Work required:
Find, in the records below, the line that contains "Segelboot auf Sockel" and the line that contains "Differences in soil". Copy those two lines and everything between them exactly, but not the pictures.

Source material:
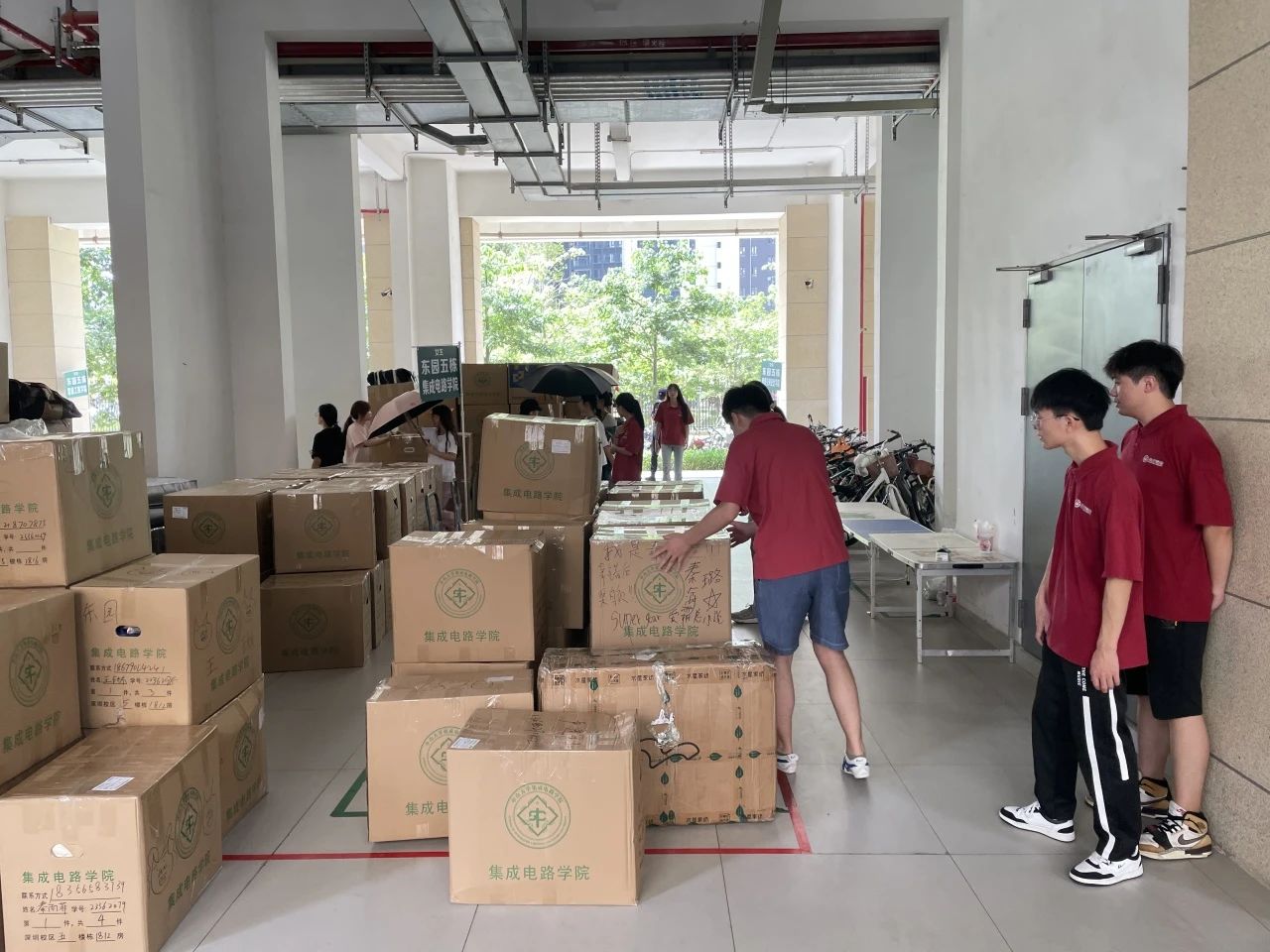 当日上午,2023级本科生平安抵达深圳校区。在指定的行李存放区,学院学长学姐志愿者们热情地帮助同学们搬运行李并指引同学们完成入住手续。
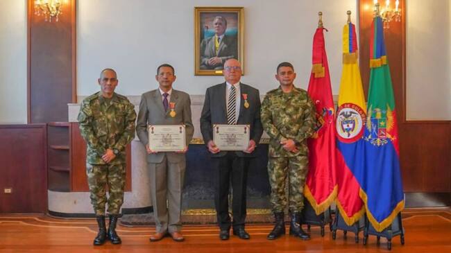 Domingo Chinea, presidente Puerto Santa Marta; y coronel retirado del Ejército Carlos Suárez, vicepresidente Seguridad, fueron condecorados.
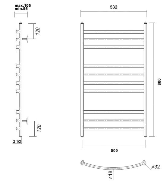 М/о расстояние (межосевое расстояние): 500Количество перекладин: 10Коллекция: КалипсоТип: водяныеЦвет: хромШирина (мм): 532Высота (мм): 800Глубина (мм): 105-95Вес: 4,95Объем: 0,070Тэн/подключение: нижнееСтрана: РоссияГарантия: 10 лет
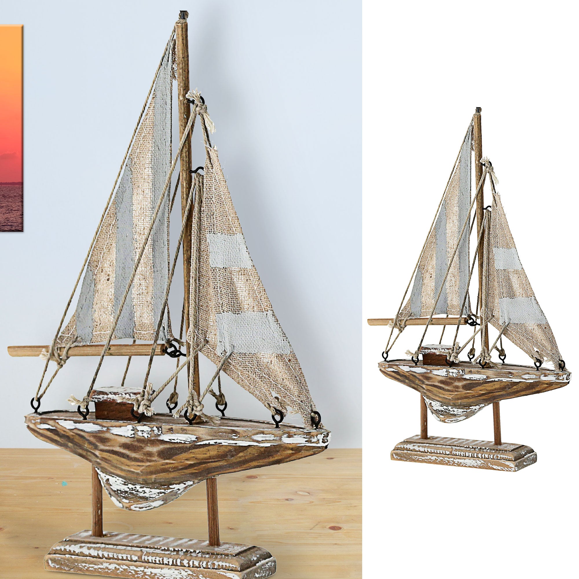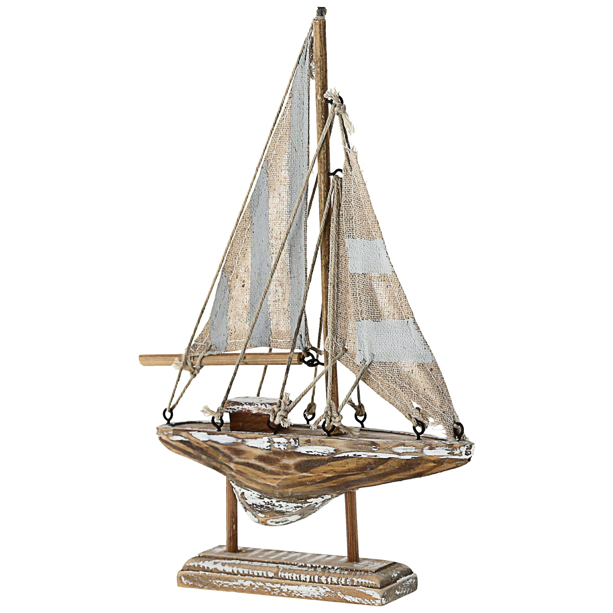 Segelboot auf Sockel blau grau natur H22cm maritim Boot Schiff Dekoschiff Holzboot Segeln
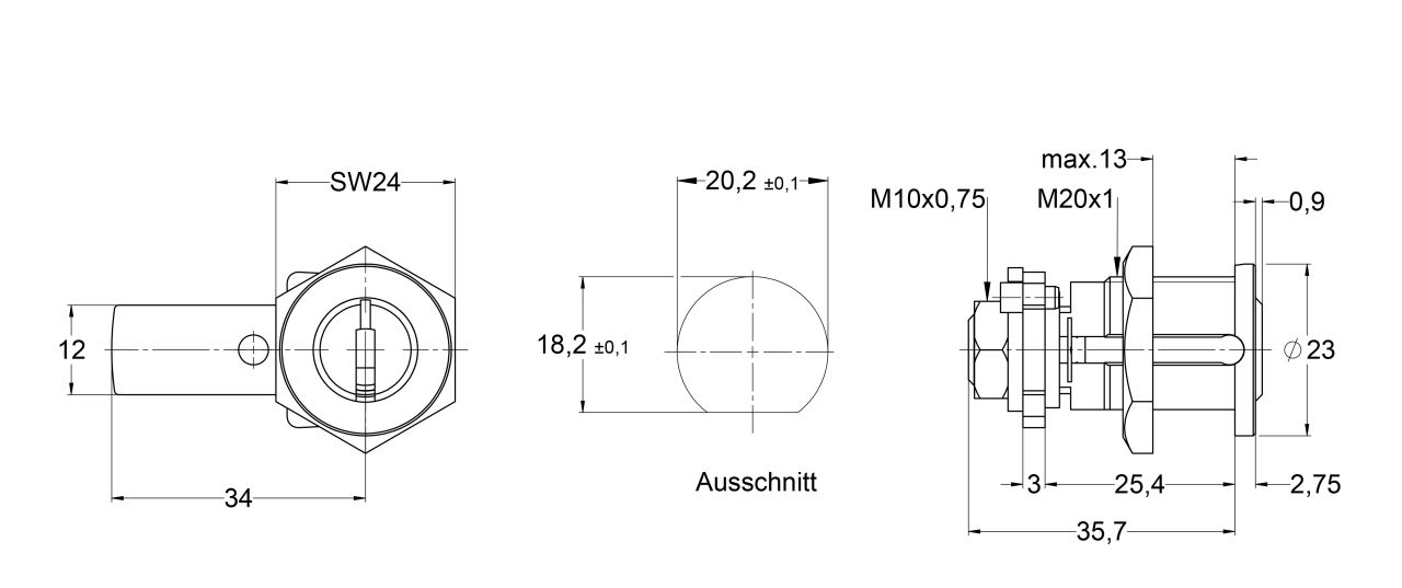 - Cylindre à écrou universel avec fixation par écrou pour portes de garde-robes, armoires à outils, boites aux lettres, interrupteurs, montages métallique et bois.
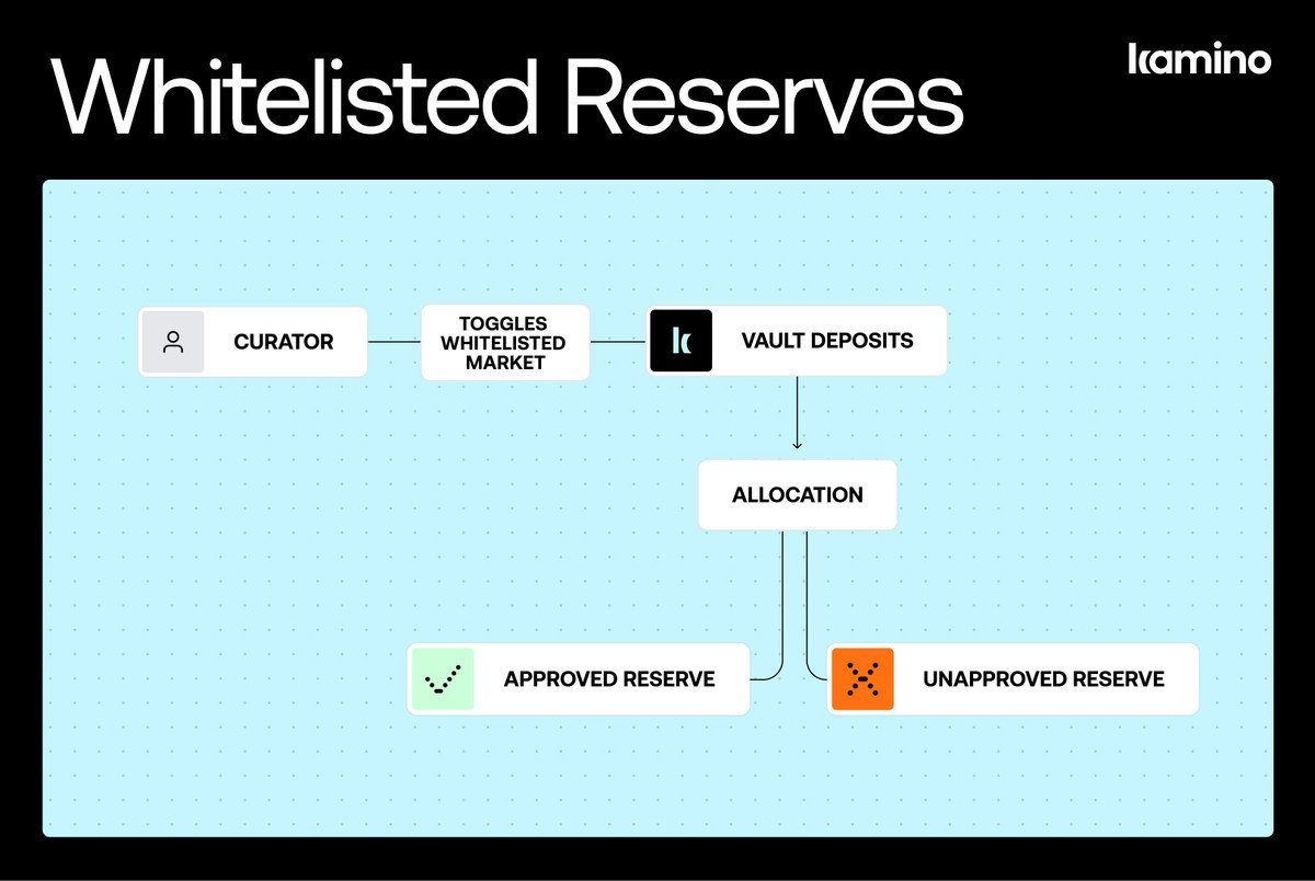 Kamino introduced ‘Whitelisted Reserves’ for Lending Vaults, an irreversible smart contract setting for the curator that limits vault allocations and investments to reserves verified by the platform, and it is now enabled on all vaults shown on Kamino’s UI.
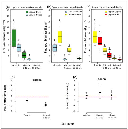 Differences in soil volume filling by fine roots of black spruce and trembling aspen in the three sampled soil horizon layers (a,c) between pure and mixed stands, and (b) within mixed stands. Species mixture effect on fine roots biomass of (d) black spruce and (e) trembling aspen in different soil horizon layers. In (a–c), the box represents 50% of the data set, distributed between the 2nd and 3rd quartiles. The median divides the box into the interquartile range. The lower and upper whiskers represent the minimum and maximum quartiles. For each soil layer, the number of samples n = 12 (i.e., 3 sites x 4 transects). Null values indicate that no root biomass was recorded in the soil layer on the transect. In (b), points represent average Ro values (n = 3), bars the 95% confidence interval, and the red dotted line the threshold under or over which the effect is considered as negative or positive. Statistical differences among pairwise comparison at p = 0.05 within each soil layer are denoted by letters.
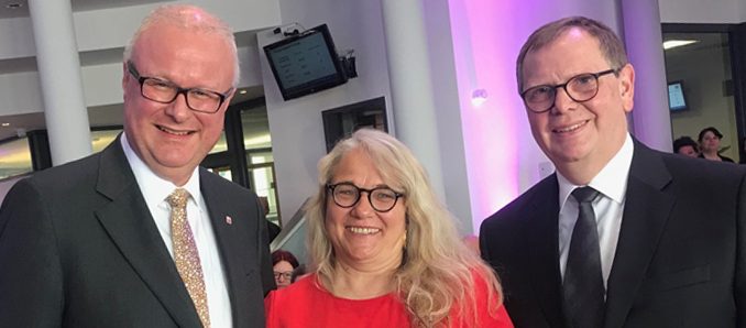 Ihnen nun heute auch ein offizielles ,Herzlich Willkommen‘ in Fulda!“, so der Minister im Rahmen seiner feierlichen Ansprache im dortigen Finanzamt. „Was macht gute Führung aus? Neben der unverzichtbaren fachlichen Expertise halte ich auch die jeweilige Persönlichkeit für einen sehr bedeutenden Faktor. Denn, wie ein kluger Kopf mal sagte: ,Werte kann man nicht lehren, sondern nur vorleben.‘ Für Ihre neue Arbeit wünsche ich Ihnen, dass Sie Ihre Mitarbeiterinnen und Mitarbeiter ganz in diesem Sinne positiv inspirieren und motivieren. Ich bin mir sicher, Sie werden auch hier in Fulda hervorragende Arbeit leisten!“, sagte Schäfer an Hesse gerichtet.
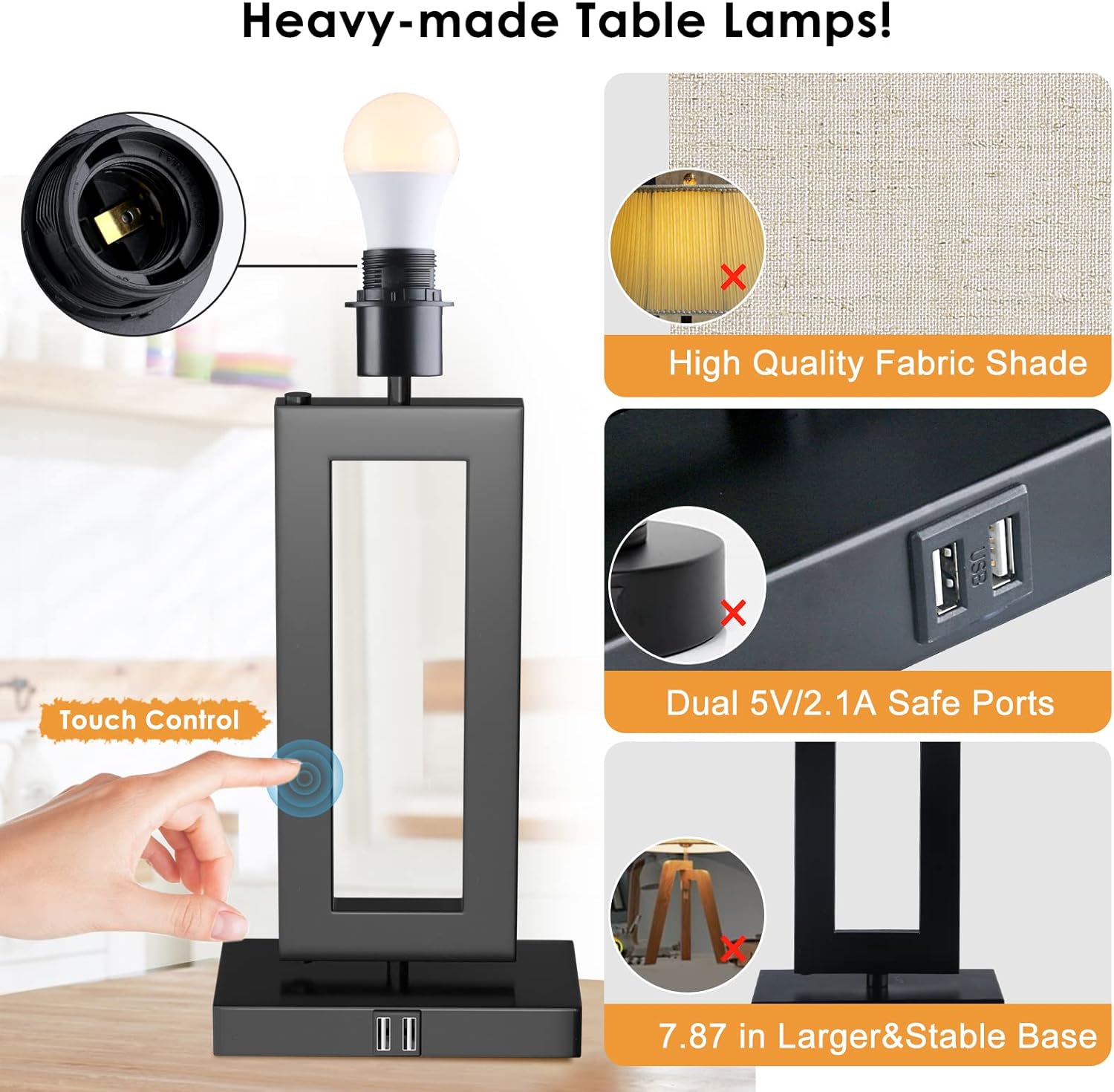 | Special Features | 3-Way Dimmable/Touch Control/USB Ports/Anti-rust/LED Light/Classic Design |

Written answer:
 Segelboot auf Sockel blau grau natur H22cm maritim Boot Schiff Dekoschiff Holzboot Segeln
 - Cylindre à écrou universel avec fixation par écrou pour portes de garde-robes, armoires à outils, boites aux lettres, interrupteurs, montages métallique et bois.
 Kamino introduced ‘Whitelisted Reserves’ for Lending Vaults, an irreversible smart contract setting for the curator that limits vault allocations and investments to reserves verified by the platform, and it is now enabled on all vaults shown on Kamino’s UI.
 Differences in soil volume filling by fine roots of black spruce and trembling aspen in the three sampled soil horizon layers (a,c) between pure and mixed stands, and (b) within mixed stands. Species mixture effect on fine roots biomass of (d) black spruce and (e) trembling aspen in different soil horizon layers. In (a–c), the box represents 50% of the data set, distributed between the 2nd and 3rd quartiles. The median divides the box into the interquartile range. The lower and upper whiskers represent the minimum and maximum quartiles. For each soil layer, the number of samples n = 12 (i.e., 3 sites x 4 transects). Null values indicate that no root biomass was recorded in the soil layer on the transect. In (b), points represent average Ro values (n = 3), bars the 95% confidence interval, and the red dotted line the threshold under or over which the effect is considered as negative or positive. Statistical differences among pairwise comparison at p = 0.05 within each soil layer are denoted by letters.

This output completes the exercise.